Thomas v. United States

DECISION

PER CURIAM:

Petitioner was arraigned on and pleaded not guilty to a charge of murder, in violation of Article 118, Uniform Code of Military Justice, 10 U.S.C. § 918. A general court-martial found him guilty of the lesser offense of negligent homicide, in violation of Article 134, Code, 10 U.S.C. § 934, supra. He was sentenced to a bad conduct discharge, confinement at hard labor for one year, total forfeitures, and reduction to the grade of airman basic. The convening authority eliminated the forfeitures, but otherwise approved the sentence as adjudged. The case is currently pending before this Court pursuant to Article 66, Code, 10 U.S.C. § 866, supra. However, petitioner, prior to filing pleadings in the Article 66 review, requested that this Court order his release from confinement or, alternatively, direct respondent to credit petitioner for 72 days pretrial confinement.

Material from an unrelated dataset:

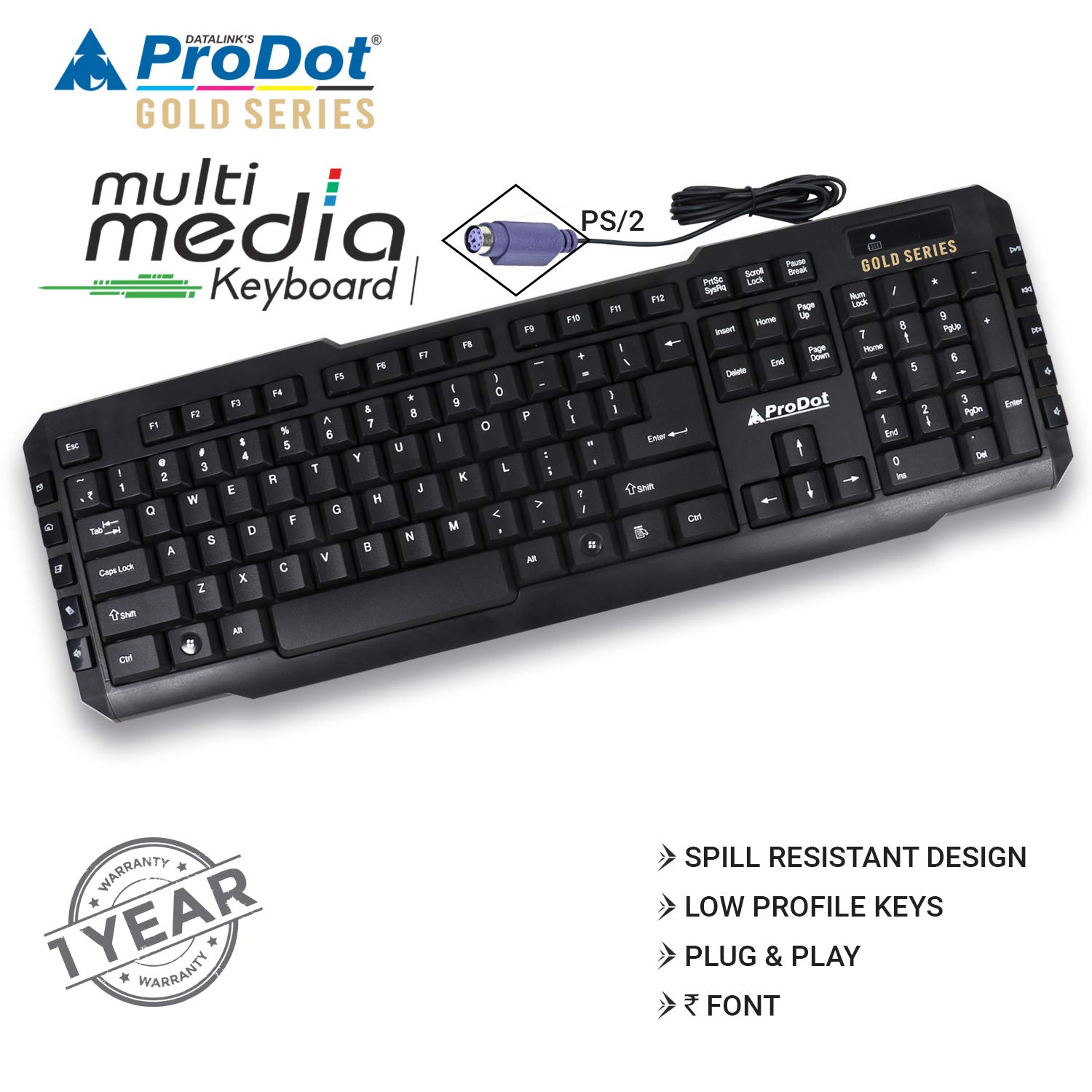 ProDot (Gold Series) KB-107m PS/2 Multimedia Keyboard (Color: Solid Black)
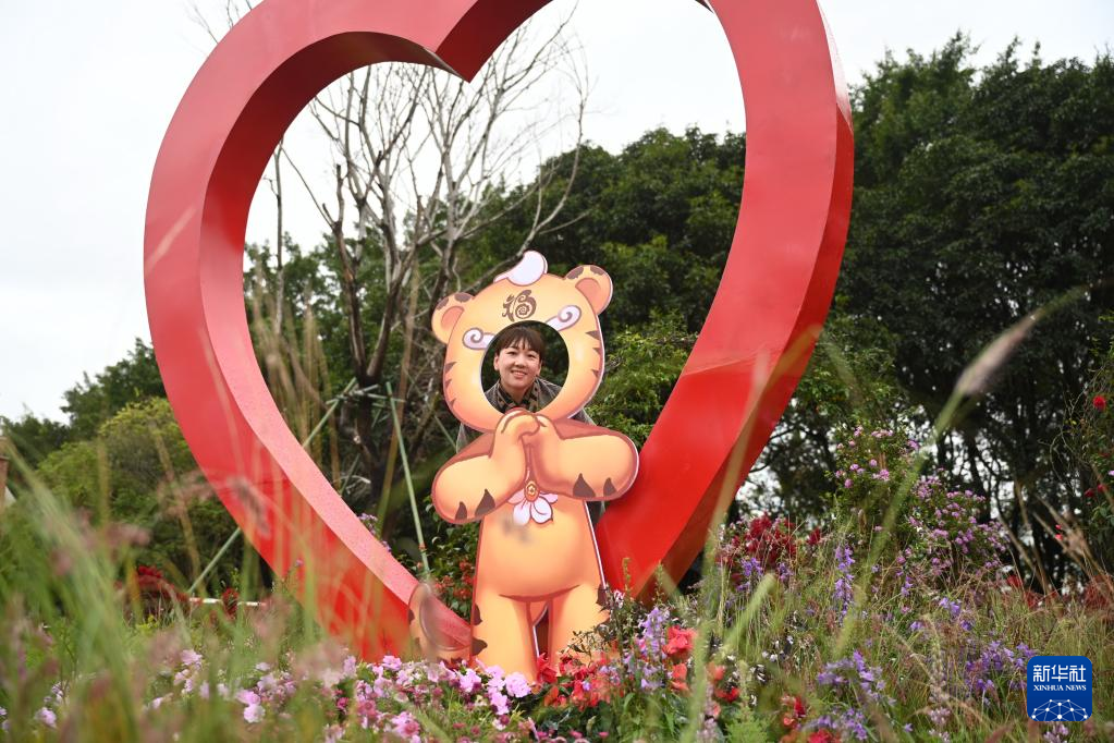 2月1日,游客在福州左海公园内一处“虎”元素装饰景观留影。

Appellate defense counsel argue that the sentence, insofar as it provides for one year confinement at hard labor, will result in punishment which exceeds the maximum punishment authorized for negligent homicide in the Table of Maximum Punishments, Manual for Courts-Martial, 1969 (Rev.), paragraph 127c. The crux of this argument is that the one year confinement adjudged plus the 72 days pretrial confinement equal a sentence greater than the one year maximum set forth in the Table.

In the exercise of its discretion in adjudging a sentence, a court-martial may consider, among other things, the nature and duration of any pretrial restraint. Manual, supra, paragraph 76a. There is no requirement that the court credit the accused for any time spent in pretrial confinement. See United States v. Clark, 17 U.S. C.M.A. 26, 37 C.M.R. 290 (1967). Pretrial confinement is not part of a sentence; therefore, it is clearly within the power of a court-martial to adjudge a maximum allowable sentence even though the accused may *506have spent some time in pretrial confinement.

Examining the record of trial, we find that the court could reasonably conclude that the circumstances of this case warranted imposition of the maximum sentence on petitioner. We find no abuse of the court’s discretion that would justify our interference with the sentence.

Appellate defense counsel cite a Department of Defense instruction which they claim requires the military to credit pretrial confinement in the same manner as the Department of Justice. We note that the statute on which the Justice Department pretrial confinement credit provision is based specifically exempts courts-martial. See 18 U.S.C. section 3568. We also note that the language of the cited instruction has been in effect since (at least) 1955, during which time the Court of Military Appeals has held on at least three occasions that “the convicted accused in our system is not entitled by right to credit on his sentence for pretrial confinement.” United States v. Larner, 1 M.J. 371, 374 n.11 (C.M.A.1976), citing United States v. Blackwell, 19 U.S.C.M.A. 196, 41 C.M.R. 196 (1970). See also United States v. Clark, supra.

Additionally, the Defense Department directive predated the statutory Justice Department pretrial confinement credit requirement and thus the directive cannot be said to incorporate by reference the Justice Department requirement.

We note that the Navy Court of Military Review has recently considered the same Defense Department directive with respect to pretrial confinement, and we agree with that court’s conclusion that the directive does not create a mandatory requirement to credit pretrial confinement. See United States v. Corl, 6 M.J. 914 (N.C.M.R.1979) and Hart v. Kurth, 5 M.J. 932 (N.C.M.R.1978).

Accordingly, the petition is denied.